» **Required action**
All that is wanted is the lines from the first line of the listing below through the line containing "Với sự kết hợp", written out exactly with pictures left out.

» **Data supplied**
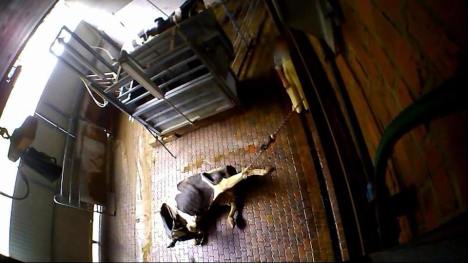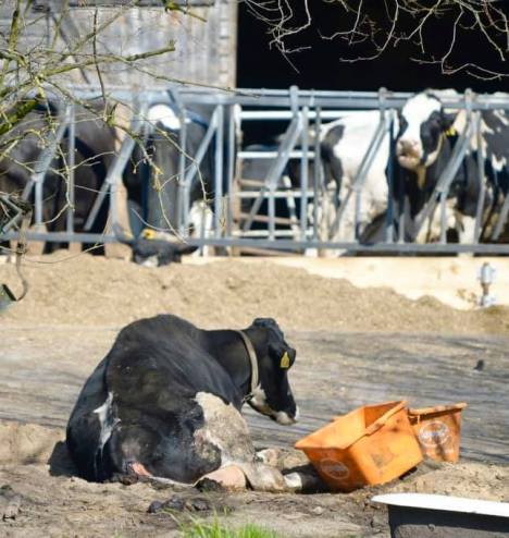 If the animal is unable to get up, the apparent slurry of liquid manure that emerges from a yellow pipe under the animal is certainly a poor surface for attempts to stand up.
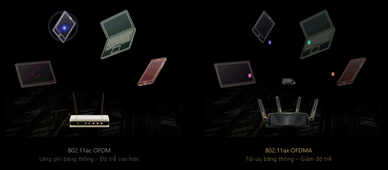 Với sự kết hợp mang tính cách mạng của công nghệ OFDMA và MU-MIMO, công nghệ 802.11ax cho dung lượng và hiệu suất mạng lớn hơn 4X trong các môi trường lưu lượng mạng cao. Wi-Fi 802.11ac thế hệ trước chỉ có thể xử lý một thiết bị tại mỗi thời điểm trên một kênh mạng, điều này tận dụng không hiệu quả băng thông hiện có. Hỗ trợ OFDMA trong chuẩn Wi-Fi 802.11ax chia mỗi kênh thành các kênh con, điều này cho phép bó và phát đồng thời các tín hiệu từ nhiều thiết bị*, do đó giảm được độ trễ để mang lại trải nghiệm Wi-Fi mượt hơn và nhạy hơn.
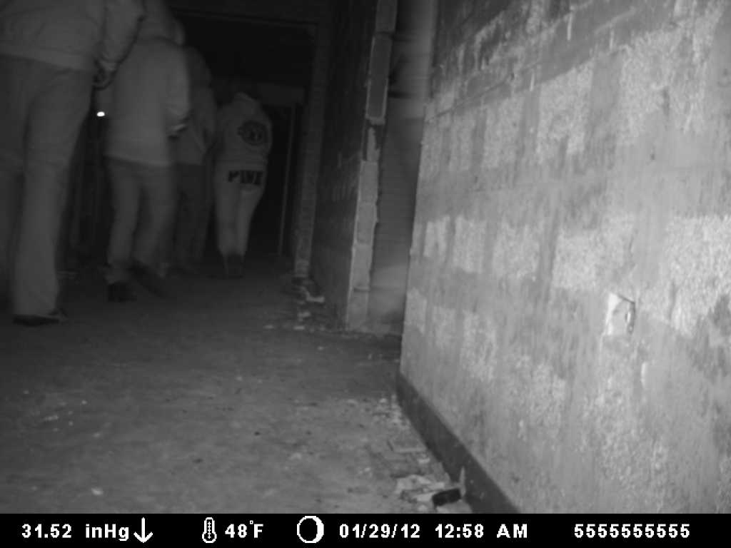 This is the last pic our of a series of 3 that were snapped at 1 second intervals. We tripped the cam, but the last photo caught this see through glowing apparition walking into a room right behind us. All of our investigators are present in the photo, plus 1 extra!
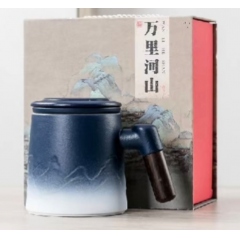 萬里河山瓷杯 拂器 山海陶瓷茶水分離辦公杯禮品盒BGB004
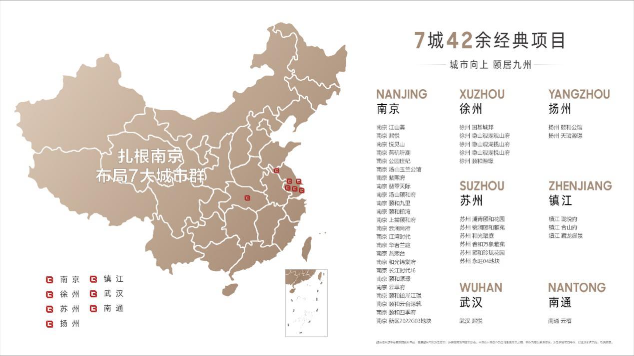 颐居建设立足“1+6+X”的发展战略,以南京为中心城 市,布局苏州、扬州、南通、无锡、徐州、合肥,同时关注常州、杭州等城市,持续深耕发展“扬子江城市群”“宁镇扬一体化”和高铁节点枢纽的核心地带。自成立以来,规模迅速拓展,共计获取14个项目,项目由最初28个拓展至42个,开发足迹遍布南京、苏州、徐州、扬州等7座城市,总建筑面积约862万平方米,总货值约1602亿元。选择城市优质资源,与城市规划相契合,为数万家庭精心筑就幸福理想家园。

» **Solved exercise**
 If the animal is unable to get up, the apparent slurry of liquid manure that emerges from a yellow pipe under the animal is certainly a poor surface for attempts to stand up.
 Với sự kết hợp mang tính cách mạng của công nghệ OFDMA và MU-MIMO, công nghệ 802.11ax cho dung lượng và hiệu suất mạng lớn hơn 4X trong các môi trường lưu lượng mạng cao. Wi-Fi 802.11ac thế hệ trước chỉ có thể xử lý một thiết bị tại mỗi thời điểm trên một kênh mạng, điều này tận dụng không hiệu quả băng thông hiện có. Hỗ trợ OFDMA trong chuẩn Wi-Fi 802.11ax chia mỗi kênh thành các kênh con, điều này cho phép bó và phát đồng thời các tín hiệu từ nhiều thiết bị*, do đó giảm được độ trễ để mang lại trải nghiệm Wi-Fi mượt hơn và nhạy hơn.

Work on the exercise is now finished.